1. I have a consumer in a while(1) { //consume } fashion. That would
basically run forever. As I understand it, this is the way most web servers
work (at the core, core level). In this model, I would have to make sure
that the consumer was always running (perhaps do 3-way redundancy and have 3
consumers doing this). My concern with this model is that if I implement
this in PHP, I'm afraid of memory issues and so on. I don't necessarily
trust a PHP script to run in a while(1) fashion forever.

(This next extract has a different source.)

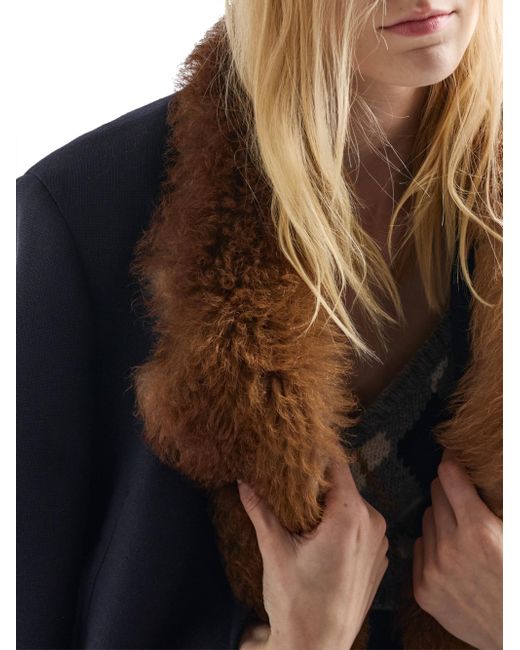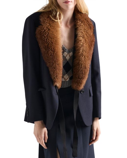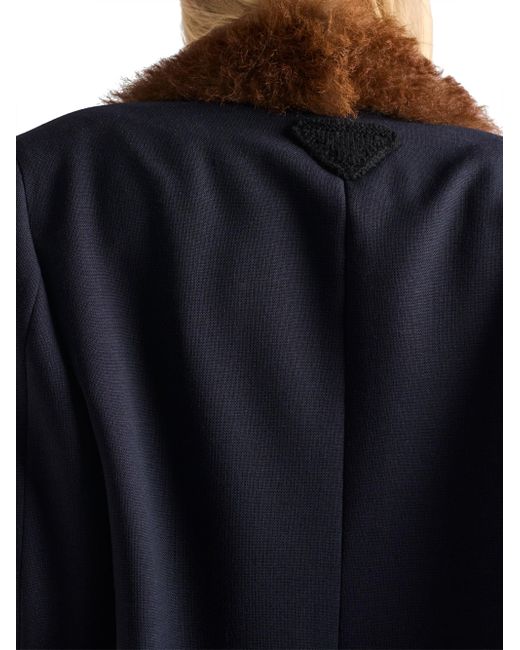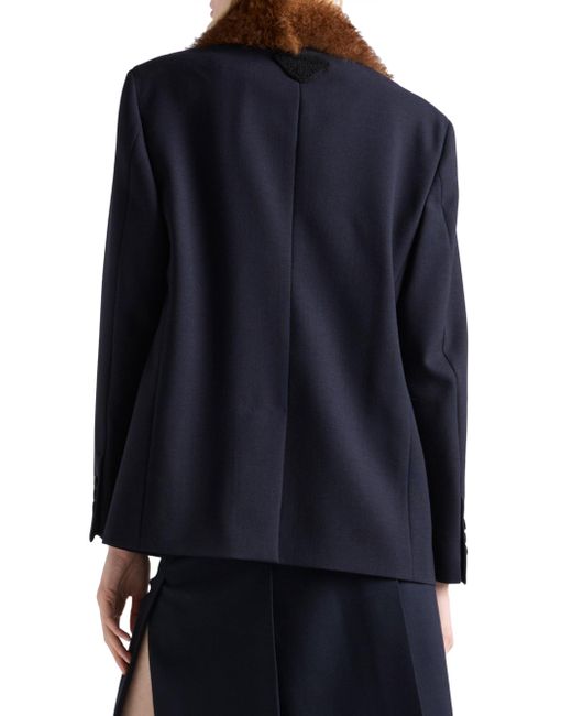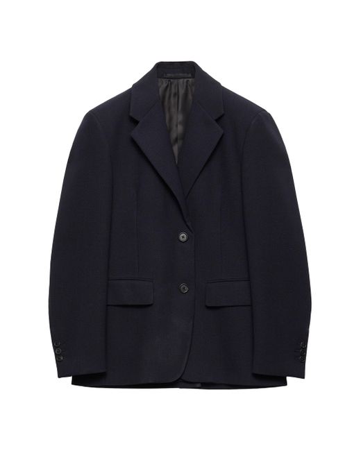Straight fit Lined Notch lapel Front button closure Straight three-button sleeves Flapped welt pockets Back vent Shetland wool triangle logo Imported 100% Fleece wool. Lsd Rtw - Prada Rtw > Prada > Saks Fifth Avenue. Prada. Color: Blue. Size: 4.

2. I could somehow get the queue size and batch process these. Basically,
get the queue size (say it was 200 entries), consume 200 messages and then
the PHP script would end. Then you would have this script in a cronjob that
runs every x amount of time.

Unfortunately, I have to implement this in PHP. So, I'm not really sure
which way would be the proper way to go about doing this. If any one has any
thoughts or comments, it would be greatly appreciated.

Thanks,

-- Joel

Re: Basic queue concept

Posted by Joel Poloney <jp...@gmail.com>.
On Thu, Apr 3, 2008 at 12:19 AM, Arjen van der Meijden <
acmmailing@tweakers.net> wrote:

> My consumer just consumes a message, processes it and then goes on waiting
> for another one. So if that message happens to be a 'kill'-message, it dies
> (if the message was sent after the consumer started).
>
> When I shutdown those consumers using their init.d-scripts, the
> init.d-scripts sends both a normal sigint and one of those kill-messages to
> make sure the script gets interrupted anytime soon. For the million-messages
> consumer, that isn't really necessary, but for the few-hundred consumer it
> is quite usefull to wake it up, so it can die right away.
>

:) Awesome. I totally understand now.


> One of the reasons to start using these consumers was indeed to facilitate
> batch processing, although I haven't implemented such a feature yet. But I
> wouldn't worry too much about memory leaks, as long as you clean up the data
> afterwards and maybe keep away from using too fancy resources and too
> complex object trees.
> I would however add some more clean-kill stuff, so the current internal
> list is processed cleanly, prior to dieing.
>

I don't anticipate doing any XML or DOM parsing here, but I'll keep that in
mind for the future. Thanks again for all your help!

Cheers,

-- Joel

Re: Basic queue concept

Posted by Arjen van der Meijden <ac...@tweakers.net>.
On 3-4-2008 8:50, Joel Poloney wrote:
> Is your "kill"-message on every call? Or is that only when you manually
> interrupt it? I'm wondering if you changed the Stomp-implementation such
> that if you've consumed all of the messages (and it's waiting for a new
> message to come through), it automatically dies. Or is it part of your
> "clean kill" that would make sure it finishes what it was doing, and then
> properly shuts down.

My consumer just consumes a message, processes it and then goes on 
waiting for another one. So if that message happens to be a 
'kill'-message, it dies (if the message was sent after the consumer 
started).

When I shutdown those consumers using their init.d-scripts, the 
init.d-scripts sends both a normal sigint and one of those kill-messages 
to make sure the script gets interrupted anytime soon. For the 
million-messages consumer, that isn't really necessary, but for the 
few-hundred consumer it is quite usefull to wake it up, so it can die 
right away.

> In my particular application, I would most likely have an internal queue in
> the consumer that would basically consume messages until it hit some number
> (say 100) and then batch process all 100 of them at once. Then it would go
> back to trying to consume messages again and filling up the internal queue.
> It's better for me to batch process 100 messages at once rather than 1 at a
> time. That's why I was asking about the memory leak issues.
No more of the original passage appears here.